L’Exposition avait fermé ses portes, laissant le souvenir d’une féerie prodigieuse. Les dures réalités de la vie reprenaient tout le monde et elles étaient d’autant plus sensibles que, si la vie avait renchéri, le travail se ralentissait ainsi qu’il advient régulièrement après les efforts multiples, anormaux et hâtifs qu’exigent la préparation et la mise en œuvre d’aussi inutiles manifestations.

Une échéance politique, particulièrement inquiétante, se rapprochait, le renouvellement triennal du Sénat. Un grand effort devait être fait par les républicains pour conquérir la majorité dans cette Assemblée, place forte de la réaction, qui avait voté la dissolution, s’opposait à toute tentative républicaine de la Chambre et élisait comme inamovibles les pires parmi les réacteurs qu’avait chassés de leurs sièges législatifs le suffrage universel. Les élections avaient été fixées au 5 janvier 1879. La campagne électorale fut vive, tant la partie était grosse de conséquences.

L’attitude violente des droites à la Chambre, la révélation des manœuvres électorales du Cabinet du 16 mai, des projets du ministère Rochebouët, l’obstination du Sénat à défier, par ses résistances, les élus du suffrage universel ; le désir d’en terminer avec une politique qui n’avait que trop duré, au détriment de la tranquillité publique, de la réorganisation du pays, avait fortement impressionné le suffrage restreint.
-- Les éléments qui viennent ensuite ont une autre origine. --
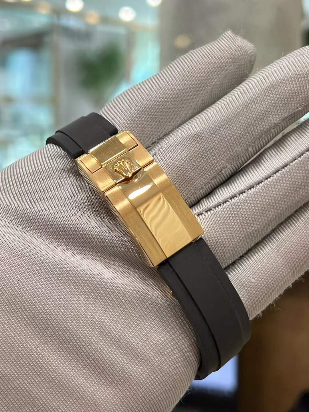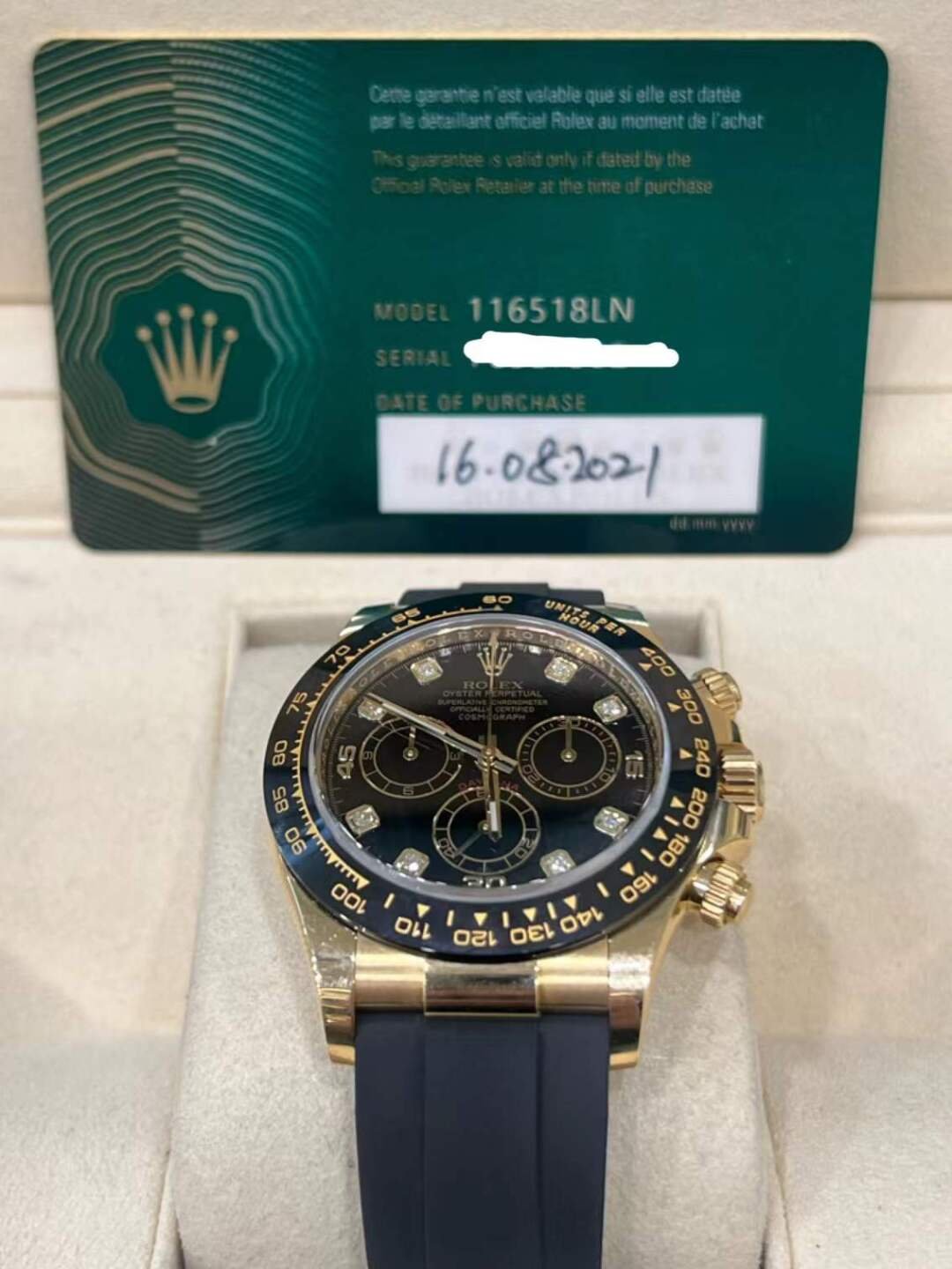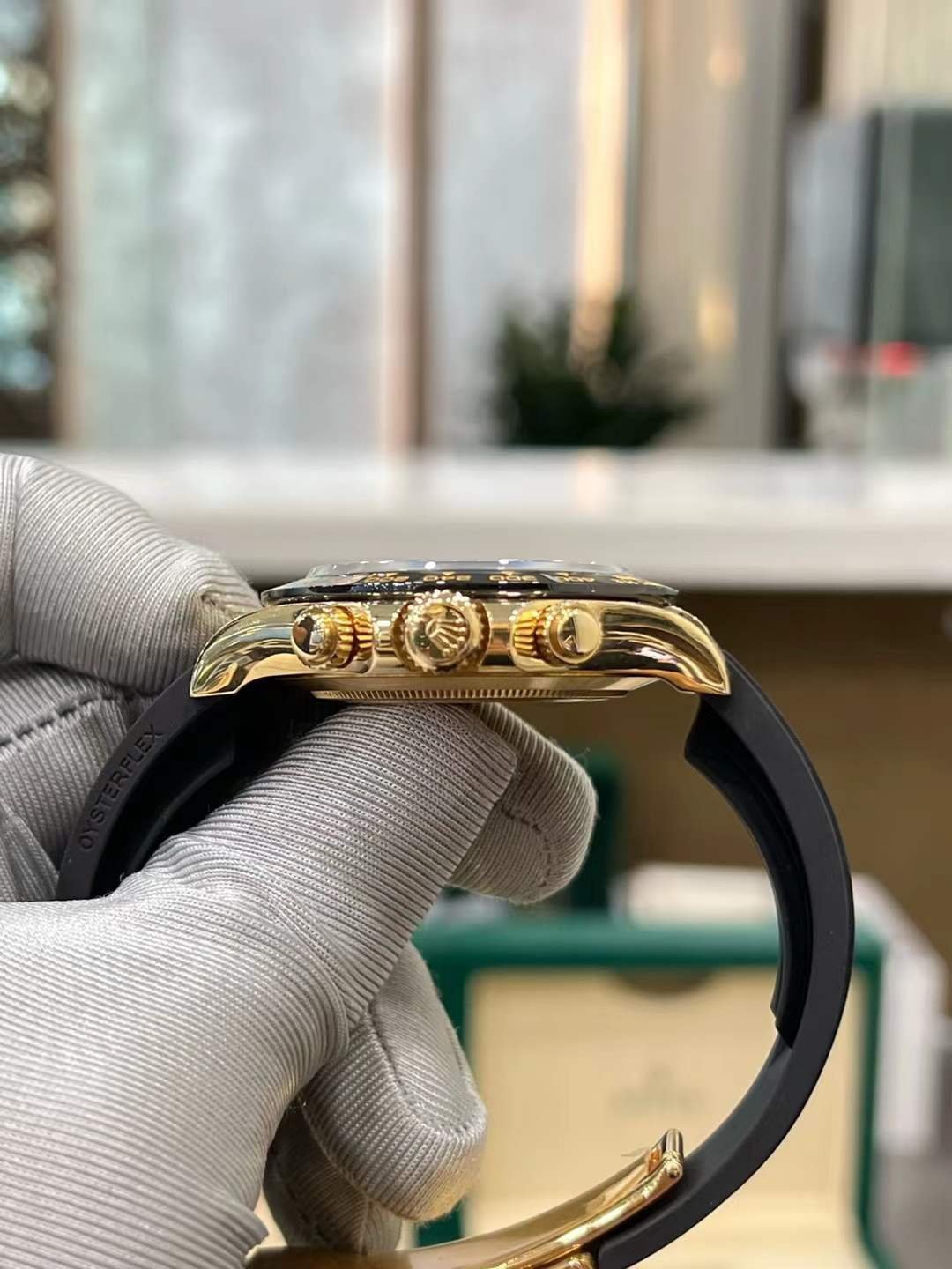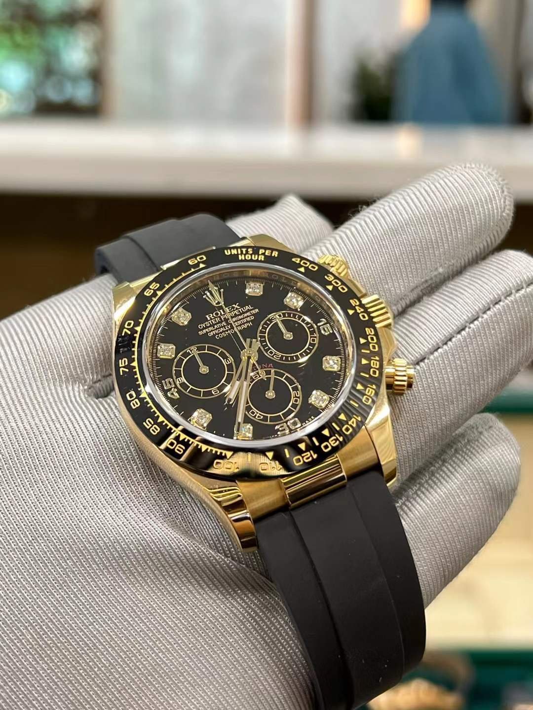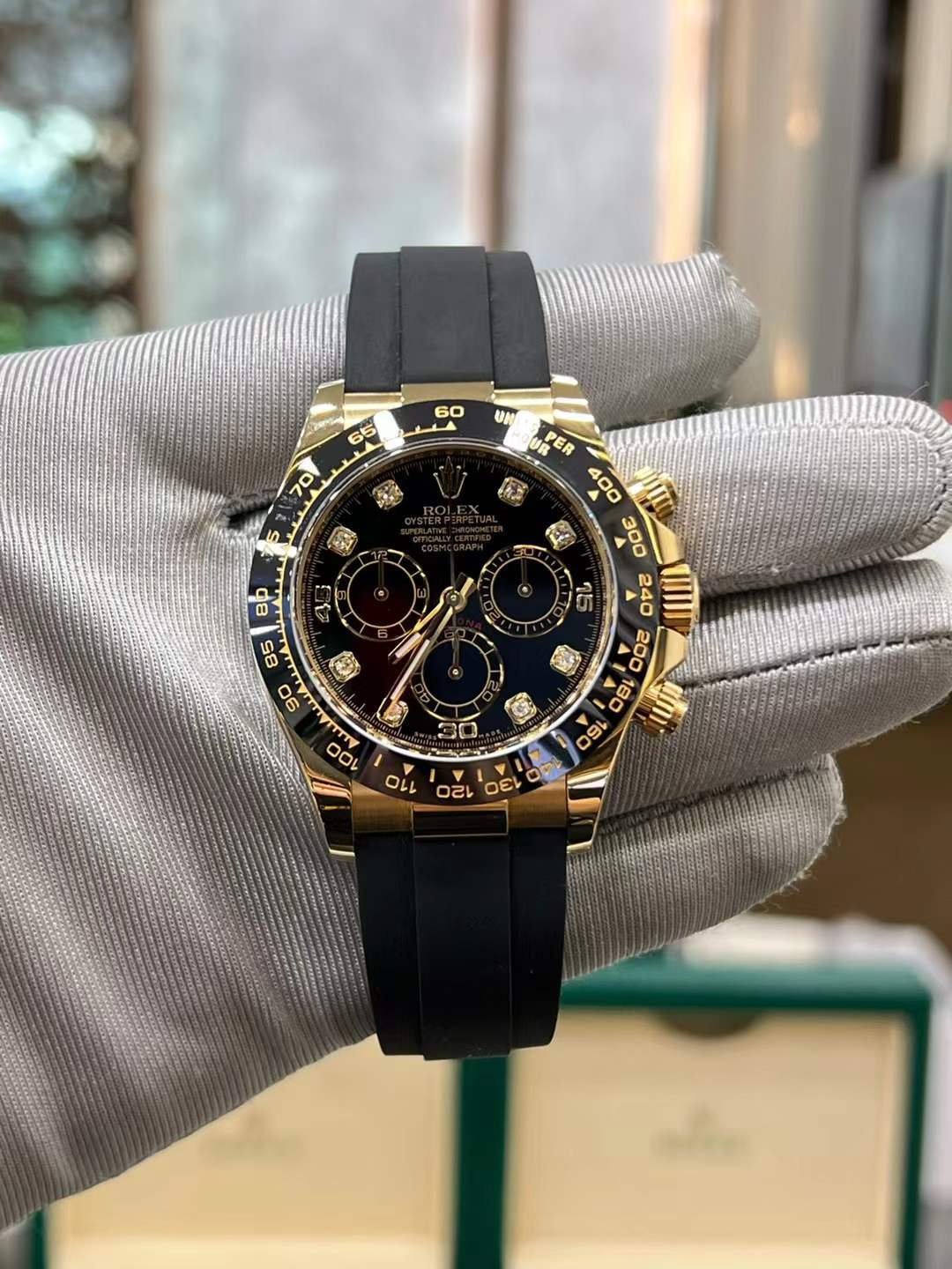 Rolex Cosmograph Daytona 116518LN men???s watch. Features a polished with brushed solid 18k yellow gold case and black elastomer Oysterflex bracelet. Black Cerachrom insert ceramic fixed bezel with engraved 60 minute scale and graduations. Black dial with luminescent hands and diamond hour markers. Chronograph with large central chronograph seconds hand, 30 minute counter sub-dial at 3 o???clock and 12 hour counter sub-dial at 9 o???clock. Small seconds sub-dial at 6 o???clock. Stop-seconds feature for precise time setting. Powered by the Rolex Caliber 4130 self-winding automatic COSC Superlative Chronometer certified movement which boasts a 72 hour power reserve. A scratch resistant sapphire crystal protects the dial. The case is round and 40mm in diameter. Solid case back. Screw down crown with Triplock triple waterproofness system. Screw down case back. Folding Oysterclasp deployment buckle with Easylink 5mm comfort extension link. Waterproof to 100 meters / 330 feet. Functions: hours, minutes, small seconds, chronograph. Luxury watch style. Swiss made.

Aussi le scrutin du 5 janvier marqua-t-il une éclatante victoire pour le parti républicain qui, non seulement conquérait la majorité au Sénat, mais encore s’orientait un peu plus à gauche, mais si peu ! Les élections du 5 janvier avaient modifié la composition de la Chambre haute : les républicains se comptaient au nombre de 178 ; le nombre des monarchistes et bonapartistes tombait à 120 et la Gauche était assurée d’une majorité de 58 voix ; il n’y en avait eu que 19 en faveur de la dissolution. Le parti républicain devenait maître de la situation, mais il allait procéder avec prudence, avec modération, ainsi que M. Gambetta le lui avait conseillé dans ses deux retentissants discours de Romans et de Grenoble, tellement qu’il allait subir plus que la sienne l’orientation donnée par M. Jules Ferry dont l’influence grandissait de jour en jour.

A l’ouverture de la session de janvier 1879, la Chambre, à l’unanimité des votants, élut M. Grévy, président ; c’était une indication en cas de crise présidentielle. Au Sénat, ce fut M. Martel, républicain fort modéré, qui fut porté au fauteuil avec trois vice présidents de gauche, un siège avait été concédé à la droite ; il fut accordé au général de Ladmirault, celui qui comme gouverneur militaire de Paris avait fait une guerre si implacable à la presse républicaine. On eut pu faire un choix moins malencontreux ; les républicains ont la victoire indulgente…. jusqu’à la candeur.